If your state provides for return of account value during the free look period
(or no free look period), we invest amounts you designated for the variable
division directly into your selected variable investment options.
We allocate all later premium payments to your policy on the valuation date of
receipt. We use your most recent premium allocation instructions. Your
instructions must specify percentages that are whole numbers totaling 100% and
which use no more than eighteen investment options over the life of your policy.
SEE MAXIMUM NUMBER OF INVESTMENT DIVISIONS, PAGE 16.
You may make five free premium allocation changes per year. After the five free
premium allocation changes, we charge you $25 for each additional allocation
change per policy year. If you change your designated deduction option, we
consider this a premium allocation change for which there may be a charge. SEE
DESIGNATED DEDUCTION OPTION, PAGE 24 AND POLICY TRANSACTION FEES, PAGE 39.

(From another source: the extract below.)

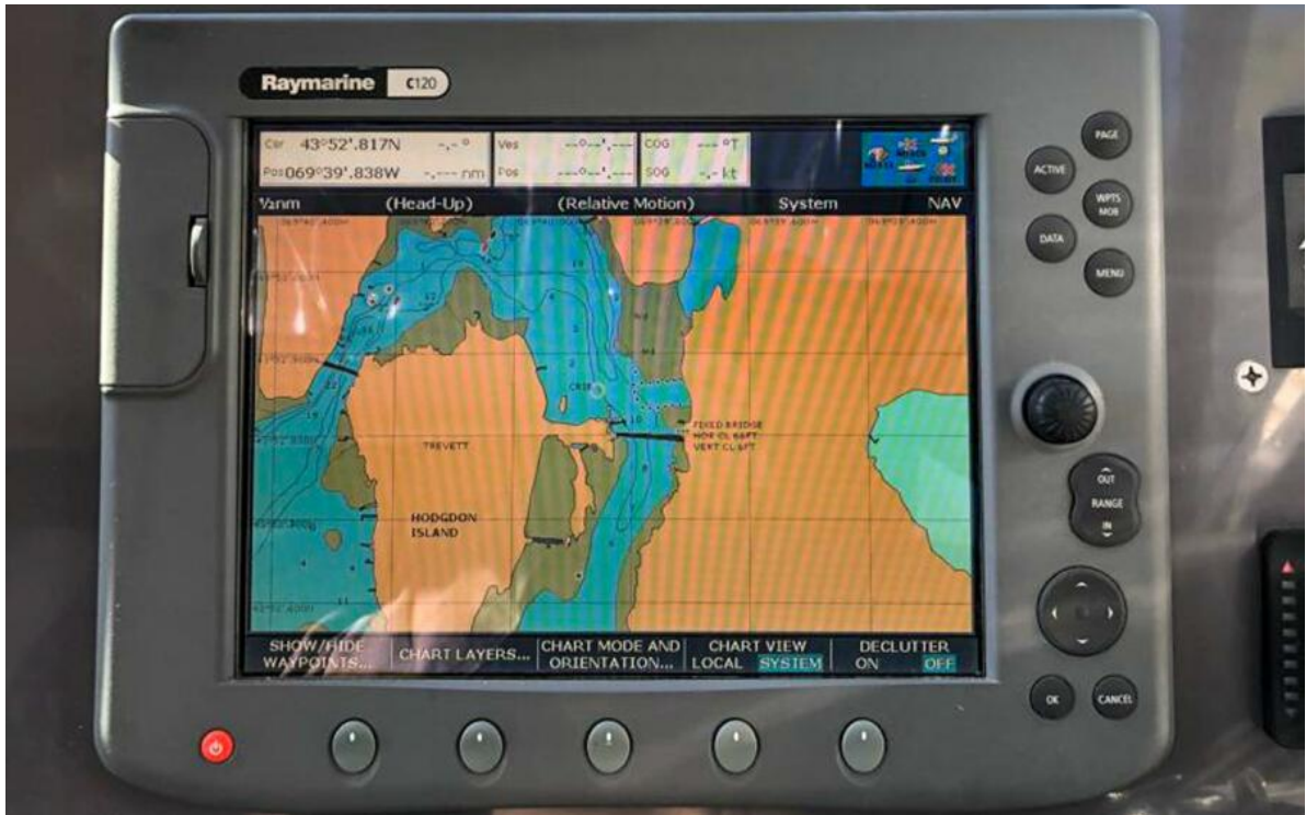
Protector 28 Targa Wiwiki Offered For Sale 47 13 18

PREMIUM PAYMENTS AFFECT YOUR COVERAGE
Your coverage lasts only as long as your net account value is enough to pay the
monthly and annual charges and your account value is more than your outstanding
policy loan plus accrued loan interest. If these conditions are not met, your
policy will enter the 61-day grace period and you must make a premium payment to
avoid lapse. SEE LAPSE, PAGE 31, AND GRACE PERIOD, PAGE 31.
MODIFIED ENDOWMENT CONTRACTS
There are special federal income tax rules for distributions from life insurance
policies which are "modified endowment contracts." These rules apply to policy
loans, surrenders, and partial withdrawals. Whether or not these rules apply
depends upon whether or not the premiums we receive are greater than the
"seven-pay" limit.
If we find that your scheduled premium causes your policy to be a modified
endowment contract on your policy date, we will require you to acknowledge that
you know the policy is a modified endowment contract. We will issue your policy
based on the scheduled premium you selected. If you do not want your policy to
be issued as a modified endowment contract, you may reduce your scheduled
premium to a level which does not cause your policy to be a modified endowment
contract. We will then issue your policy based on the revised scheduled premium.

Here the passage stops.